Add saved queries to EntitySchema entries?[edit]

The "check entities against this Schema" link on the schema pages is a great thing. However, it requires newbies and experts alike to write a query from scratch, which is tedious. Some Schema authors are working around this by embedding example query code in the schema text as comment - which helps, but looks a bit messy, and still needs manual copy+paste for transfer to the query field.

So it would be great if we could save a query - or even better, muliple named queries - with the schema. The code to load queries and allow for user selection is already in place (see ShEx2 on Toolforge) with the "dataLabel" and "queryMap" parameters in the manifest file (though perhaps not yet as http request query parameter).
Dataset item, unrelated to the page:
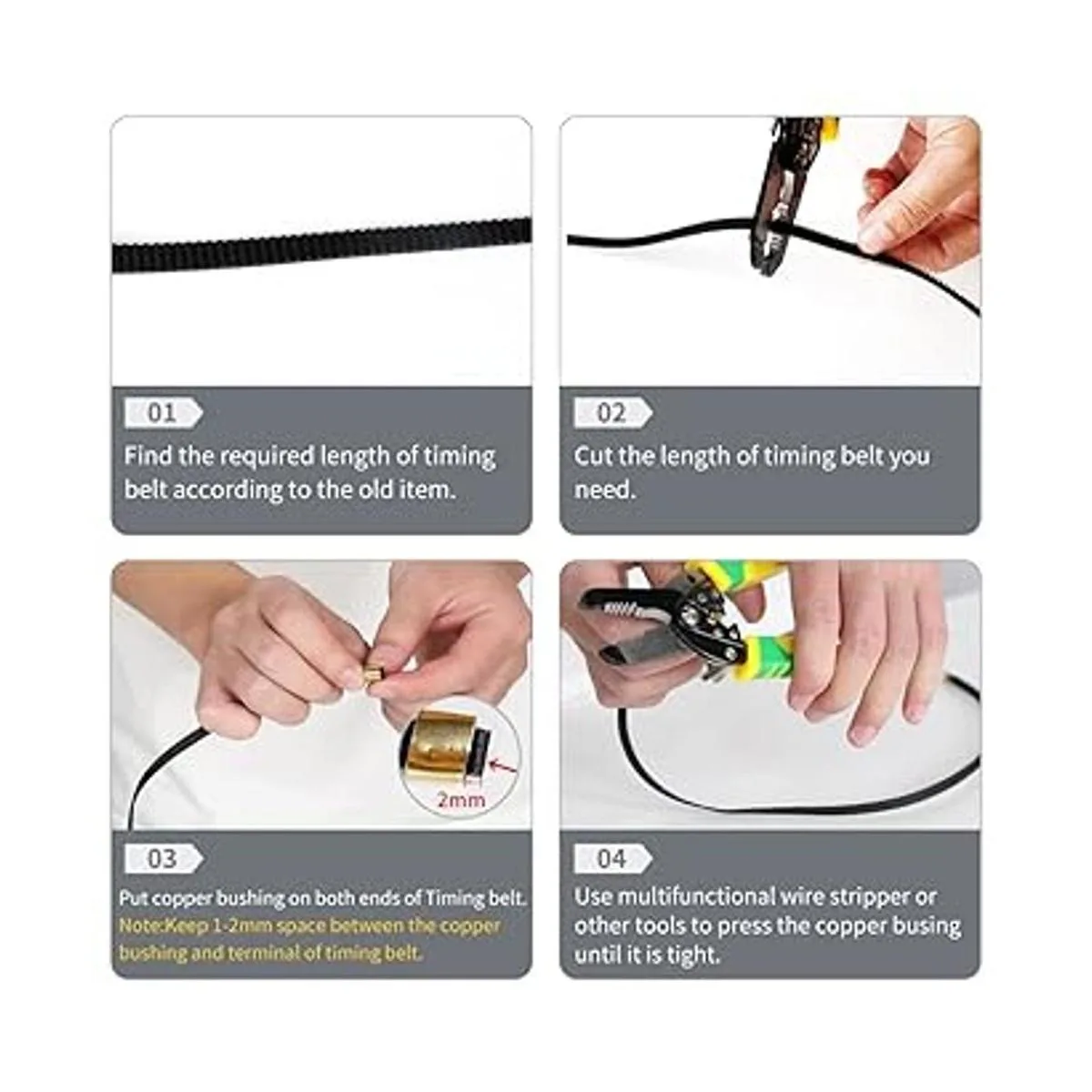 El paquete incluye: correa de distribución para impresora 3D de 6.6 ft de longitud con 6 fundas de cobre.

On the Wikidata/Wikibase side, I wonder if setting the Wikidata SPARQL query equivalent (P3921) property could be enabled for EntitySchema entries. Together with named as (P1810) qualifiers, that would allow for multiple queries to be saved with each schema. --Jneubert (talk) 09:31, 21 July 2019 (UTC)

My idea was to re-use the property definition at EntitySchema:E123 in order to use it there directly (formatted as a link to ShEx2), not to add the property to an item about the schema. --Jneubert (talk) 09:46, 21 July 2019 (UTC)
This is currently not supported. Once an item is associated with a schema, you should be able to load its content on the schema page with LUA. --- Jura 10:09, 21 July 2019 (UTC)

Comparison between ShEx and constraints[edit]

What’s possible with ShEx that is not with constraints and vice versa ? What I got so far is:

  • Constraints are tight to a property, shapes are « free » to be checked against any item and reused
  • Constraints are somewhat easier to edit textually, more efficient
  • Constraints are automatically checked by Mediawiki.
  • Shapes are more powerful, for example it’s possible to express something like any property that is not authorized is impossible

Anything else/wrong ? It’s unclear to me how type shape constraints can be dealt with on Wikidata, as « rdf:type » is irrelevant in Wikidata items. Wikibase has domain and range constraints, I’m not sure this can be dealt with with shape expressions as it seems there is no notion analog to Sparql PropertyPath’s in shex. author  TomT0m / talk page 19:42, 21 July 2019 (UTC)

Correction, it’s definitely possible to express paths, my bad (this is used on the example shape for file formats, and for example showed in the 13th slide of this comparison between shex and shacl). author  TomT0m / talk page

Could we generate constraint from shapes and vice-versa ?

author  TomT0m / talk page 19:42, 21 July 2019 (UTC)

Rename this project[edit]

The project should be about entity schemas, not about ShEx. The latter is just the technical language to write entity schemas in. Anybody against renaming the project? -- JakobVoss (talk) 08:42, 25 October 2019 (UTC)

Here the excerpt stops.